DIRECTIONS FOR THIS TASK: Output a faithful copy of the entries, every picture removed.
⟨
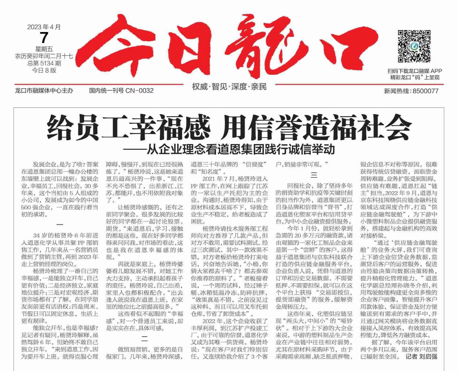 3月5日,在煙臺(tái)市發(fā)展和改革委員會(huì)舉辦的“親清發(fā)改會(huì)客廳”暨向民間資本開放項(xiàng)目專題推介會(huì)上,發(fā)布了煙臺(tái)市2024年首批誠(chéng)信典范企業(yè)名單,道恩集團(tuán)有限公司名列其中,這是道恩長(zhǎng)期堅(jiān)持和培育誠(chéng)信文化結(jié)出的新成果。
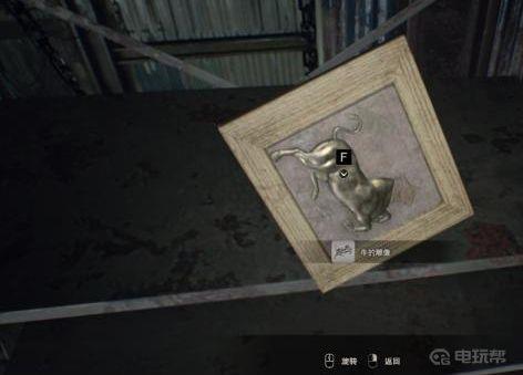 8、在车库的楼梯隔层上找到开客厅的雕像钥匙,旋转相架到背面按下F键取下牛雕像。
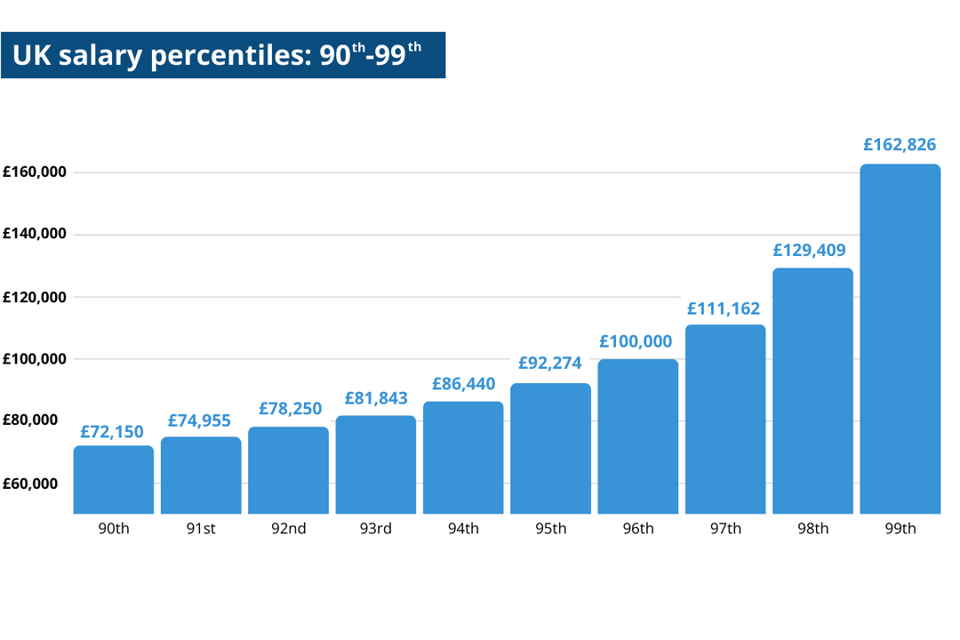 - The difference between the 10th and 20th percentile is £3,487. The difference between the 90th and 99th percentile is £90,676.
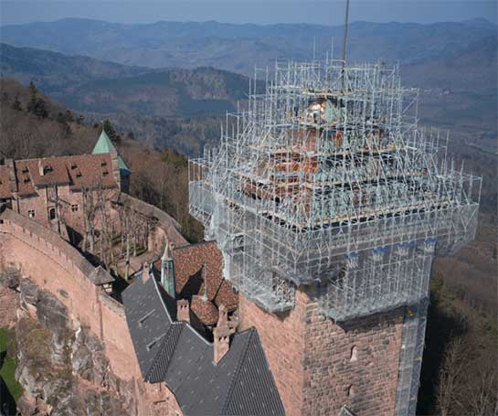 HAKI stillaser kan ta deg til store høyder med deres allsidighet, lette vekt og sikkerhet. Sjekk denne enestående jobben høyt oppe på toppen av fjellet Château du Haut-Køningsbourg in Orchwiller, 50 km sør for Strasbourg i Frankrike.
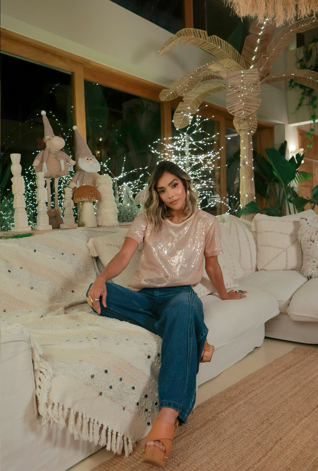 Una blusa que combina glamour, comodidad y ese brillo que te hace destacar sin esfuerzo.
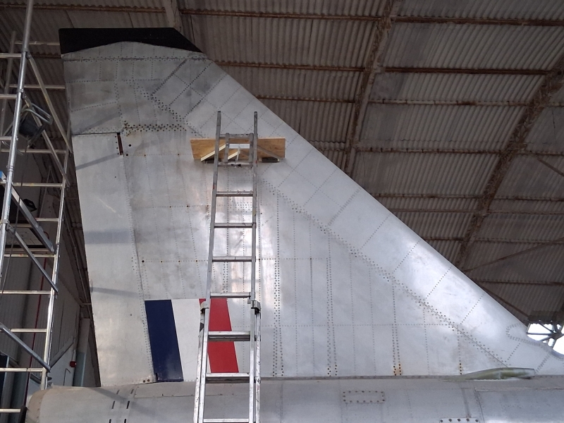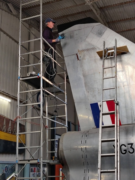 The day kicked off with an assessment of how on earth we were going to be able to get up right to the top of the tail. The boys subsequently toddled off to fetch one of the scaff’ towers, which then got erected behind the tail. Barry then started to polish the top of tail above the rudder with his dual action polisher (see pic). Progress was slow, not helped by the access issues and the weight of the polisher! Results were disappointingly ‘patchy’ at best, for no obvious reason. The surface was very ‘matt’ and the polisher struggled to cut through some of the grime/corrosion with any consistency, especially along the rivet lines.
⟩
RESULT:
 3月5日,在煙臺(tái)市發(fā)展和改革委員會(huì)舉辦的“親清發(fā)改會(huì)客廳”暨向民間資本開放項(xiàng)目專題推介會(huì)上,發(fā)布了煙臺(tái)市2024年首批誠(chéng)信典范企業(yè)名單,道恩集團(tuán)有限公司名列其中,這是道恩長(zhǎng)期堅(jiān)持和培育誠(chéng)信文化結(jié)出的新成果。
 8、在车库的楼梯隔层上找到开客厅的雕像钥匙,旋转相架到背面按下F键取下牛雕像。
 - The difference between the 10th and 20th percentile is £3,487. The difference between the 90th and 99th percentile is £90,676.
 HAKI stillaser kan ta deg til store høyder med deres allsidighet, lette vekt og sikkerhet. Sjekk denne enestående jobben høyt oppe på toppen av fjellet Château du Haut-Køningsbourg in Orchwiller, 50 km sør for Strasbourg i Frankrike.
 Una blusa que combina glamour, comodidad y ese brillo que te hace destacar sin esfuerzo.
 The day kicked off with an assessment of how on earth we were going to be able to get up right to the top of the tail. The boys subsequently toddled off to fetch one of the scaff’ towers, which then got erected behind the tail. Barry then started to polish the top of tail above the rudder with his dual action polisher (see pic). Progress was slow, not helped by the access issues and the weight of the polisher! Results were disappointingly ‘patchy’ at best, for no obvious reason. The surface was very ‘matt’ and the polisher struggled to cut through some of the grime/corrosion with any consistency, especially along the rivet lines.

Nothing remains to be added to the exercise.